Cain also added a provision to protect the low-income workers that, under the current tax code, pay no federal income tax. Cain’s provision allows families or individuals whose incomes put them at or below the poverty level, which for 2011 is $10,890 for a single person or $22,350 for a family of four, to pay zero income tax.

“If you are at or below the poverty level,” Cain said, “your plan isn’t 9-9-9, it’s 9-zero-9.”

A report released Tuesday by the Tax Policy Center showed that under Cain’s plan, households at the bottom end of the income scales, those earning between $10,000 and $20,000, would be strapped with the largest tax increases, a 950 percent hike, on average.

Dan Mitchell, a senior fellow at the libertarian Cato Institute, said Thursday that Cain would get “hammered” politically if he did not add the low-income family exemption, especially with his GOP rival Gov. Rick Perry set to introduce a flat tax, which excludes those at the bottom end of the income scale from the federal income tax rolls.
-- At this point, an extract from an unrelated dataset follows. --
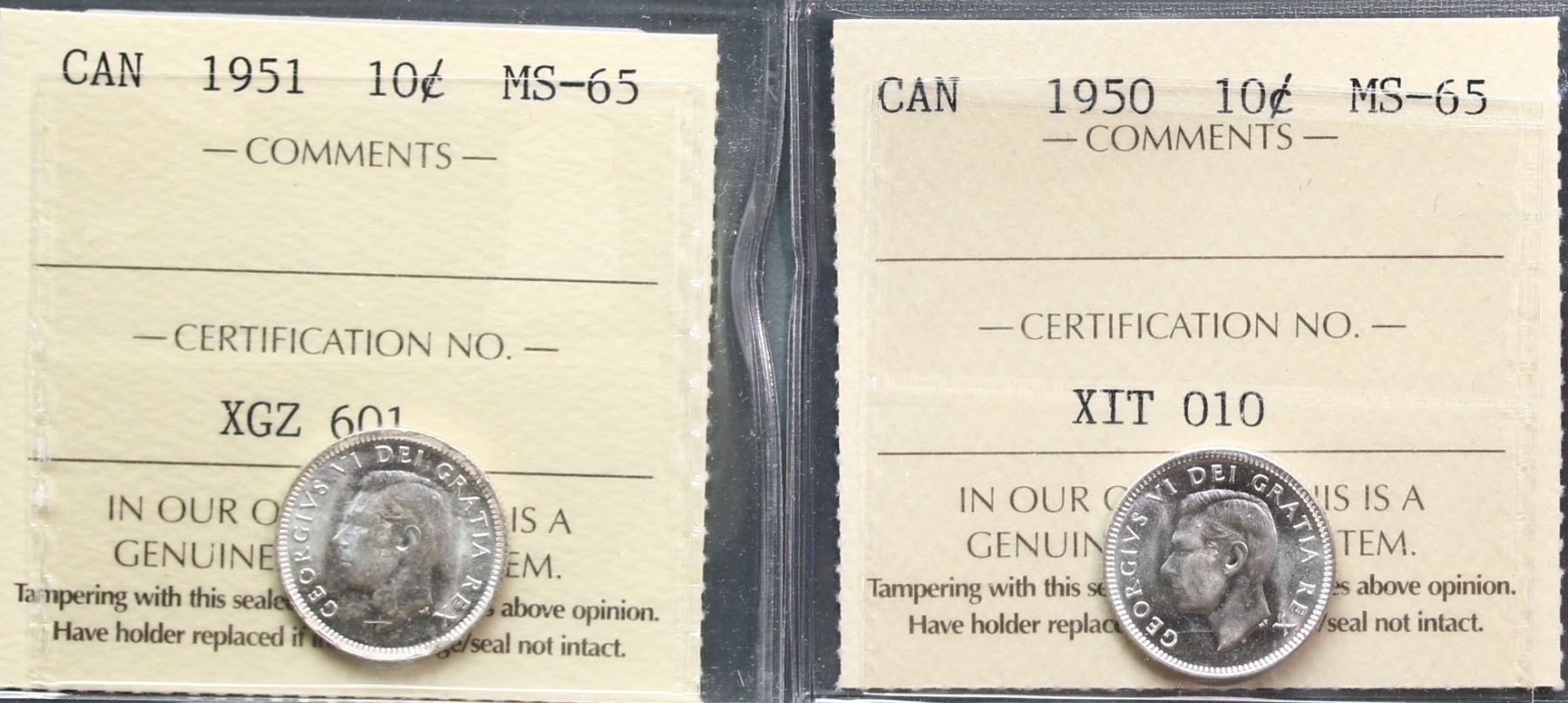 1950 10¢, and 1951 both ICCS Gem Mint State-65.

“The poor don’t pay tax now and the poor don’t pay tax under flat tax,” Mitchell said. “If the poor start paying tax under 9-9-9, it will be a big problem politically.”

Cain’s 9-9-9 plan has already been the bull’s-eye for darts thrown from both sides of the aisle, although the sharpest barbs have come from his fellow Republicans.
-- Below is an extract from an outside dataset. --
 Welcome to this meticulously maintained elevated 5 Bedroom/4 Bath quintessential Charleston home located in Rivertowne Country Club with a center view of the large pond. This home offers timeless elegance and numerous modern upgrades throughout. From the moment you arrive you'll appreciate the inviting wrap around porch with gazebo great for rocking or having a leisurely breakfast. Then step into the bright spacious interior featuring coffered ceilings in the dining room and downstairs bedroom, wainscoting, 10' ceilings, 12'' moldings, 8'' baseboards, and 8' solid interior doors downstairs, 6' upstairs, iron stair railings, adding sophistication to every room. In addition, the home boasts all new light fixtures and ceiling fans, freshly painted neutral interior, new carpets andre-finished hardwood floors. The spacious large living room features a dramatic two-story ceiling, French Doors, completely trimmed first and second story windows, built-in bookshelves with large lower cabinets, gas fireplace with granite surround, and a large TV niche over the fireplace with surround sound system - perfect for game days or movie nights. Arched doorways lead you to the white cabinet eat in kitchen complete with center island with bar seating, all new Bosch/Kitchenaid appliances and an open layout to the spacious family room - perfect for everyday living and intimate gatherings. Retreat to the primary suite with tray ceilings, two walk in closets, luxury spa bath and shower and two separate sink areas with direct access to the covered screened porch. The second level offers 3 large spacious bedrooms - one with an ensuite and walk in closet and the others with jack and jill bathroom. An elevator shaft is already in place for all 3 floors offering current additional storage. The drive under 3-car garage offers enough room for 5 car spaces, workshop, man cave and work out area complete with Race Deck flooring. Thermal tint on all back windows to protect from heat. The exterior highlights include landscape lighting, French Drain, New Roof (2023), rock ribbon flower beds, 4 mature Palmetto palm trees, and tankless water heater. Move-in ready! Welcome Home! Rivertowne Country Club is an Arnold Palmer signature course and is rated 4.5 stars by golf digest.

George W. Bush-era economic adviser Bruce Bartlett said the plan was a “distributional monstrosity” and “exceptionally ill- conceived.” Grover Norquist, president of the conservative Americans for Tax Reform, compared it to a “tapeworm” because the national sales tax, a brand new tax, could grow out of control.

Every GOP candidate has criticized the plan during the past two weeks, most of them chiding Cain for not acknowledging that his plan is more complex than just 9-9-9.
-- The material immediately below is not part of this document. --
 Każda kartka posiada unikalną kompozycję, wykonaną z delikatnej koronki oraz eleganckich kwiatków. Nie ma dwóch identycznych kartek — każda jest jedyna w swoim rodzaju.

“There are much more complexities than Herman lets on,” GOP presidential candidate Newt Gingrich said at the Las Vegas debate.

Rick Santorum applauded Cain for his “boldness” in trying to completely overhaul the tax code, but said his plan would actually raise most Americans’ taxes.

“Herman’s well-meaning, and I love his boldness, and it’s great,” Santorum said at Tuesday’s debate. “But the fact of the matter is, I mean, reports are now out that 84 percent of Americans would pay more taxes under his plan. That’s the analysis.”

The Tax Policy Center’s report showed that more than three-fourths of Americans would see their taxes increased under 9-9-9. The center’s analysis did not take into account the poverty-level exemptions that Cain mentioned today.

Roberton Williams, a senior fellow at the Tax Policy Center, said Cain’s plan would give “big big big tax cuts” to people at the top of the income scale.

“You’re going to have big increases for everybody else to make up for the revenue loss,” Williams said. “The middle group is going to get clobbered because they are going to have to pay the bulk of taxes.”